## [Work task]
Below is a listing; retype exactly the lines between the one containing "Alanori Krónika 115." and the one containing "SpookySwap cung cấp", inclusive, minus the pictures.

## [Exercise data]
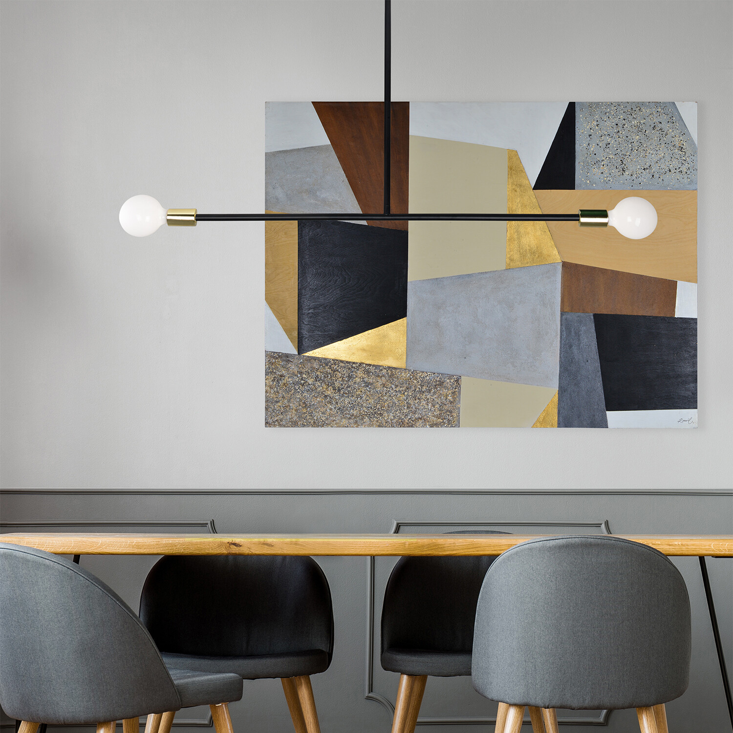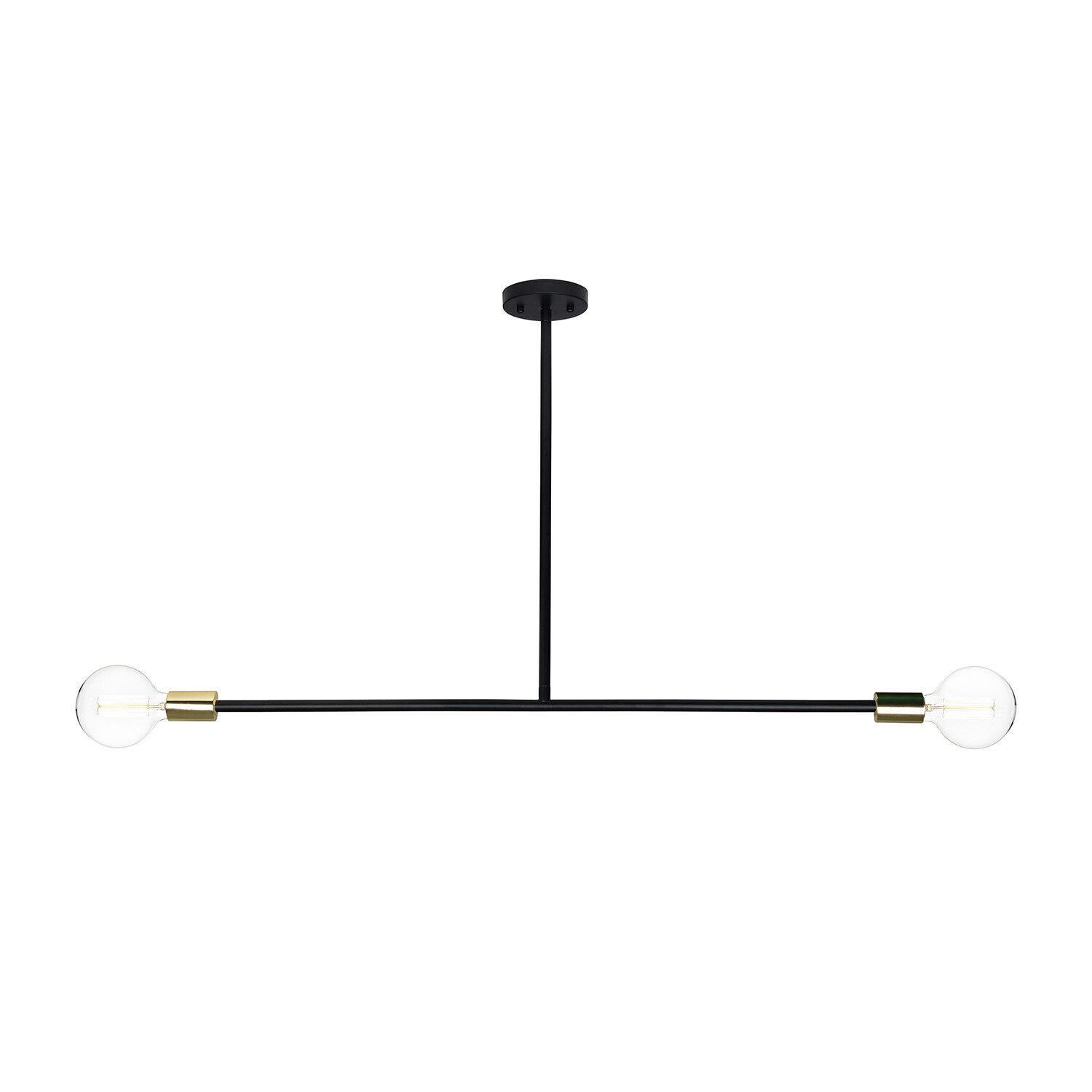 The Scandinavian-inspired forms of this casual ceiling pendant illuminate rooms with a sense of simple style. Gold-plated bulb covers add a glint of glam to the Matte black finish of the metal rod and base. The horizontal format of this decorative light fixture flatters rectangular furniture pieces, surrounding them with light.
---
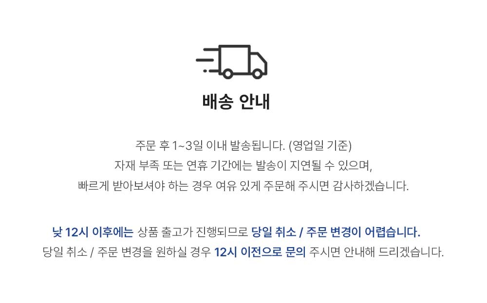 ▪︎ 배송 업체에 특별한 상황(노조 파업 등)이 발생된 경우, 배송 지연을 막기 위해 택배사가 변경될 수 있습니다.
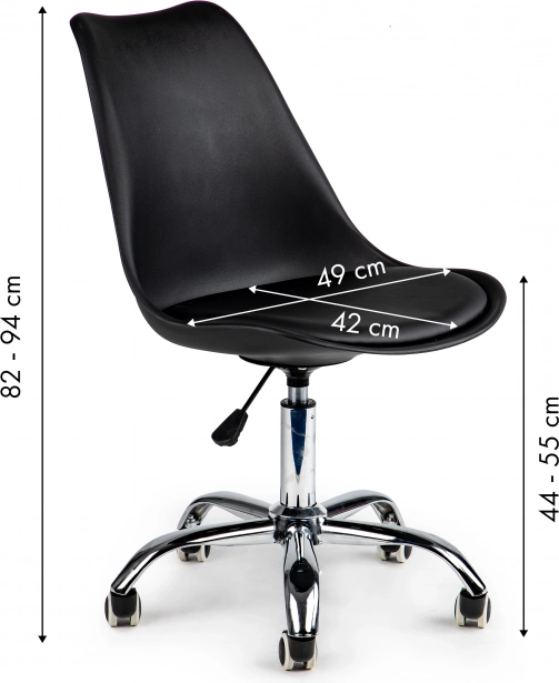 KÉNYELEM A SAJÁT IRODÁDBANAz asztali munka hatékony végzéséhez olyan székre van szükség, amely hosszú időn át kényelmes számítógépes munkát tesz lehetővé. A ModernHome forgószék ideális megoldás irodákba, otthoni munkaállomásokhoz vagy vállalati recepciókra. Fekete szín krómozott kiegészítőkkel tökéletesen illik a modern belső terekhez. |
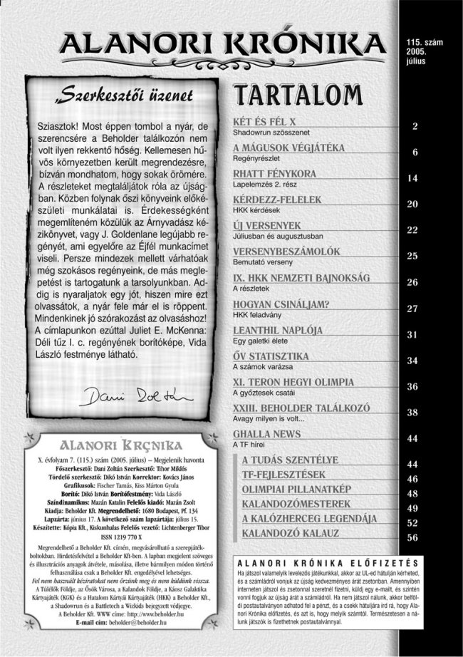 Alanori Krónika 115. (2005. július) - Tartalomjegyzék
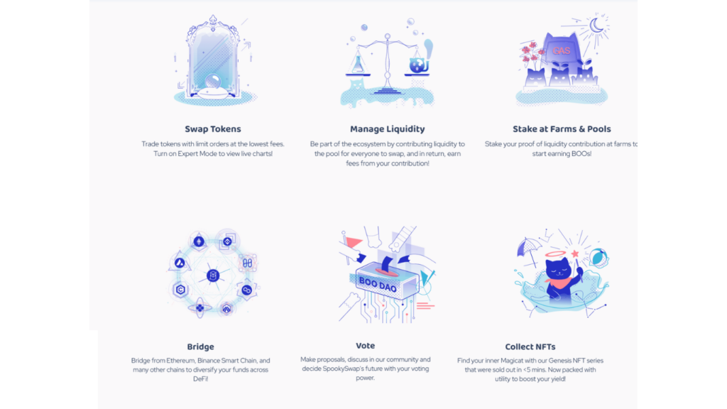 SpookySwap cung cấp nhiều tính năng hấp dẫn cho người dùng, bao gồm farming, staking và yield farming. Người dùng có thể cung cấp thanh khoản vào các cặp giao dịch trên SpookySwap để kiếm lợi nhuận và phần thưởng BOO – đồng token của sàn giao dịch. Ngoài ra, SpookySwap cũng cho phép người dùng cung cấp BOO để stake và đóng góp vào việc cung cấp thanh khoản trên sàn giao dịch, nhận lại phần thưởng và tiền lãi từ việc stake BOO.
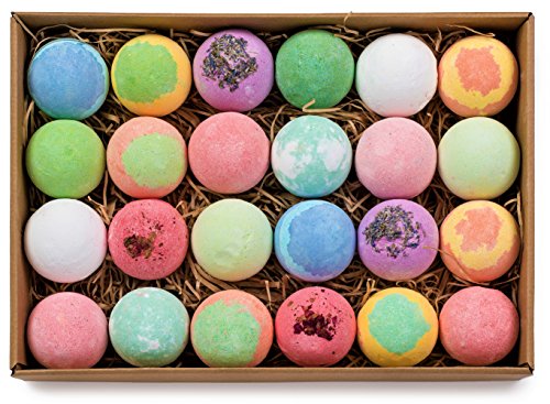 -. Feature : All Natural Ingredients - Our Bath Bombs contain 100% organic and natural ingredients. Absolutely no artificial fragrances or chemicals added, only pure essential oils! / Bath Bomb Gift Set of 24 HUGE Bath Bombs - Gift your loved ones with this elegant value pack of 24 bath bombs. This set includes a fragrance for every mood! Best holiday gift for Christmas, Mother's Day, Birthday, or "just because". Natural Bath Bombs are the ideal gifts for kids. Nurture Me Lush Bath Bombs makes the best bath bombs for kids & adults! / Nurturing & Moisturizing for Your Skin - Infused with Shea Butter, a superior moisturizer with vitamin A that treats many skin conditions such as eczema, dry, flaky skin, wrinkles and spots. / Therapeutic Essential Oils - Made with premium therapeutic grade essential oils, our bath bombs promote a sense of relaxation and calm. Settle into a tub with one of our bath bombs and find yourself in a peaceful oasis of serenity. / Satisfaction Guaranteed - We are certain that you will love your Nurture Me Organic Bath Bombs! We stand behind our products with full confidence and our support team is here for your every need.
--
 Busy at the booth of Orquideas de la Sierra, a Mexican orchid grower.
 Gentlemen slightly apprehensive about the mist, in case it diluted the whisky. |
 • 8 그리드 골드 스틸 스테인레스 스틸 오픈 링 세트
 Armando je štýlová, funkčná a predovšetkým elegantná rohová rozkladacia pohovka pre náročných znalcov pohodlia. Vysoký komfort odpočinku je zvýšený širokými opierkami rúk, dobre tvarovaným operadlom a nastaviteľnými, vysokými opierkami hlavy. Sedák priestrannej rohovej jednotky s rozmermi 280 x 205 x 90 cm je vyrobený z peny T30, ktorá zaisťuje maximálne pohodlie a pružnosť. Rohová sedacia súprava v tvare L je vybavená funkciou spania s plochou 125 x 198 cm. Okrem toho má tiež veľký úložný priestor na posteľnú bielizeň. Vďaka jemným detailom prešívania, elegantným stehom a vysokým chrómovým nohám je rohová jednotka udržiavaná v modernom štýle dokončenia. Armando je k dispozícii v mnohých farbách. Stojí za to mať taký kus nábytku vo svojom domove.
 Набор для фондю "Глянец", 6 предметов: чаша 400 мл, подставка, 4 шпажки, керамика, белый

## [Answer to this task]
 Alanori Krónika 115. (2005. július) - Tartalomjegyzék
 SpookySwap cung cấp nhiều tính năng hấp dẫn cho người dùng, bao gồm farming, staking và yield farming. Người dùng có thể cung cấp thanh khoản vào các cặp giao dịch trên SpookySwap để kiếm lợi nhuận và phần thưởng BOO – đồng token của sàn giao dịch. Ngoài ra, SpookySwap cũng cho phép người dùng cung cấp BOO để stake và đóng góp vào việc cung cấp thanh khoản trên sàn giao dịch, nhận lại phần thưởng và tiền lãi từ việc stake BOO.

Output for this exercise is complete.